While Lechien would race away from the 500s of Jeff Leisk (Australia), Hakan Carlqvist (Sweden), and Jacky Vimond (France), 125cc combatants Ward and Bayle went at it, their duel drafting them right on up near the aforementioned big-bike riders. Urged on by the roar of the home nation crowd, Bayle reached for another gear, zapping Leisk for second place on the last lap.
“Bayle really started hounding me right there at the end,” said Jeff Leisk after getting beat by the 125. “It was a French crowd cheering him on, and I could definitely tell he was right behind me. He was on a 125 and just screaming the thing. I was hoping I could hold him off, but he got me right in the end. That was little bit of a disappointment that he got me, but it’s not entirely a shame to be passed by Bayle, I guess.”
With Lechien winning the 500cc class and Ward the runner-up to Bayle, Team USA already had something of a comfortable lead leading into the 250/125 moto. By the second lap of the afternoon’s second moto, once again it was a rider from El Cajon, California, leading the world, this time with Rick Johnson out front, Roland Diepold of West Germany (as it was then called), and Holland’s recently christened 250cc World Champion Jon Van den Berk were trying to keep him in check. That is until RJ’s mechanic Brian Lunniss got word to his man to turn up the heat.
“I was riding a smooth pace, but then Brian Lunniss told me, ‘The geeks are still behind you, so move it,’” recalled Johnson. “So I pulled out about five seconds in one lap and rode a comfortable race.” RJ would forge ahead to win the moto in a stomp-off over Van Den Berk, while Ward, who took advantage of an early-race crash by an exasperated Bayle, brought his KX125 across the finish line in P1 in the division to win the 125cc overall.

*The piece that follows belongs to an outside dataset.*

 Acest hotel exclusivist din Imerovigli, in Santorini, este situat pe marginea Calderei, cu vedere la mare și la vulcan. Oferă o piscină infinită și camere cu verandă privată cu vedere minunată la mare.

With four of six moto scores counting in Motocross des Nations final scoring, when Johnson and Ward rolled off the Ernee circuit and motored back to the paddock, they did so as champions. With 1-2-1-1 moto scores in the opening two motos, Team USA had already managed to win the Motocross des Nations before the third and final moto was even summoned to the starting gate.
“It felt good. It was great to win,” said Ward of being on yet another triumphant U.S. MXdN team. “We were never in trouble. We pretty much had it handled the whole day. It was like business as usual a little bit. I was pumped just because I won the class overall because I had only done that a couple times before that.”

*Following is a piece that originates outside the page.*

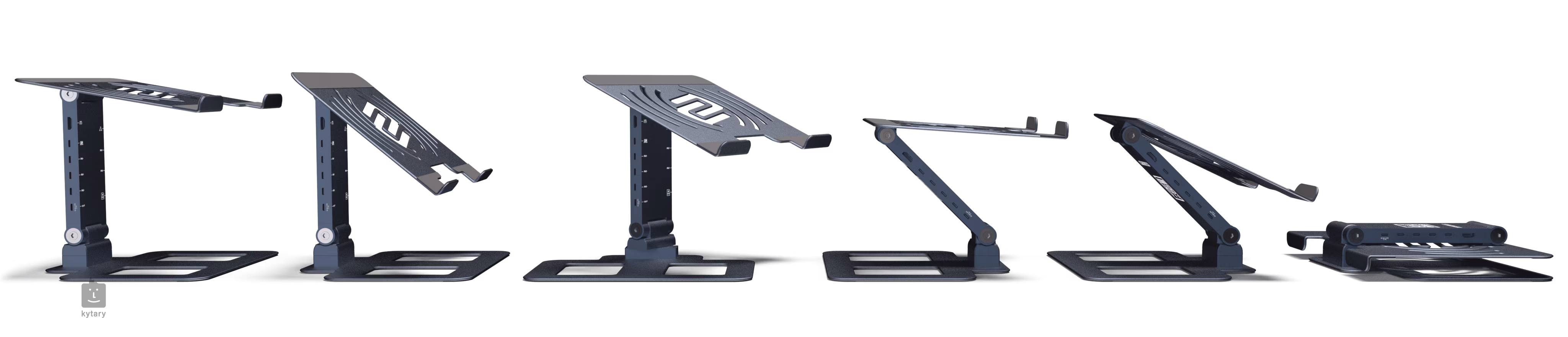 Ultrasmukła, lekka i wytrzymała aluminiowa podstawa łączy w sobie maksymalną nośność z praktycznymi funkcjami oszczędzającymi miejsce. Obrotowa podstawa umożliwia indywidualne ergonomiczne pozycjonowanie w zakresie 360°, nieskończoną regulację i możliwość bezpiecznego zakotwiczenia za pomocą wpuszczonych śrub montażowych. Antypoślizgowe podkładki pod podstawą i gumowa wyściółka na górze chronią laptopy lub tablety (8" - 15").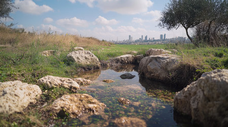 Shallow stream of clear water meanders through a grassy area, bordered by various sized rocks. The stream reflects the sunlight and the surrounding landscape. Beyond the stream, a line of distant buildings and trees is visible in the background.

For the final 500/250 moto, Team USA made a collective decision to start the Dogger and his burly 500 on the front row. Johnson, meanwhile, would start the race from the second row. And it was that starting strategy that ultimately dictated the outcome of the race, as Lechien was, once again, untouchable, disappearing in victory. RJ was forced to slice and dice his way to the front, coming up just short to moto runner-up Rob Herring of Great Britain.
Said DeCoster of the great El Cajon grudge match, “I really did not think that Ronnie was going to be able to beat Ricky in that third moto. I did not think he would beat Ricky in that last head-to-head race.”

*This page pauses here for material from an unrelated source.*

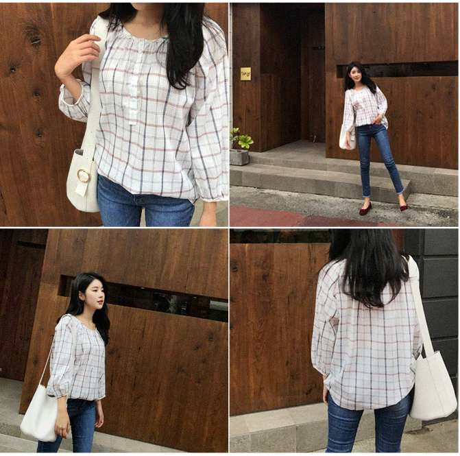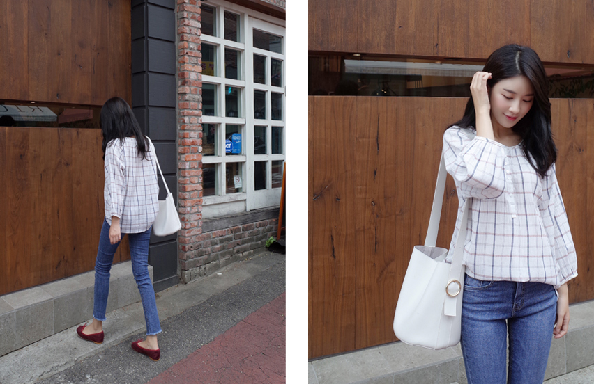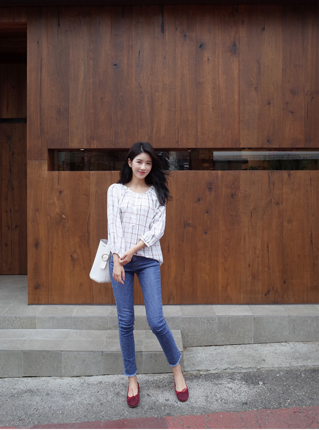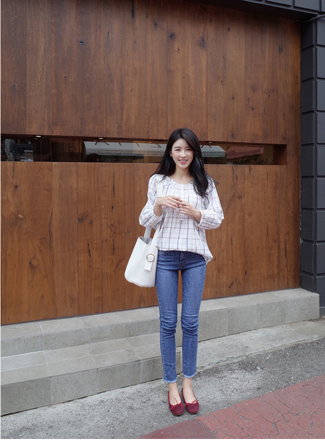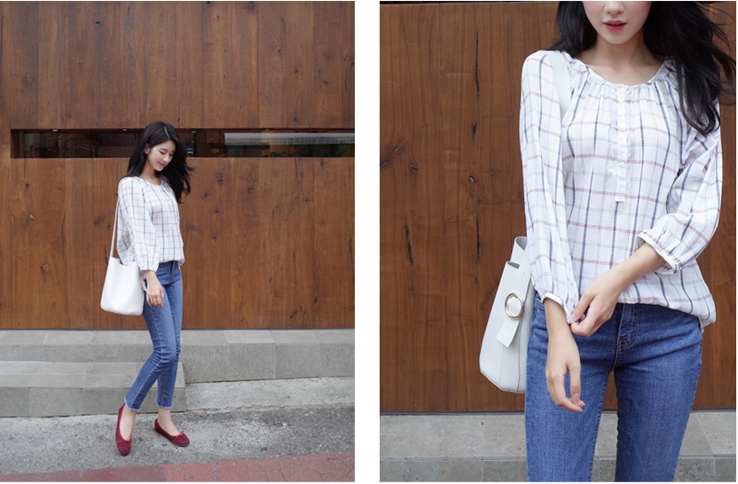 은은한 컬러매치가 매력적인 체크블라우스예요:)

But he did, and when it came time to climb upon the top step of the podium and uncork the champagne, the Dogger was smiling big as he had had his day in the sun. “The last moto was like a dream,” Lechien told Cycle News that same afternoon. “To beat them all and be the first guy across the line feels like a dream.”
1988 marked not only another year up front, but the end of an era of sorts, as neither Rick Johnson nor Ron Lechien would line up again for Team USA.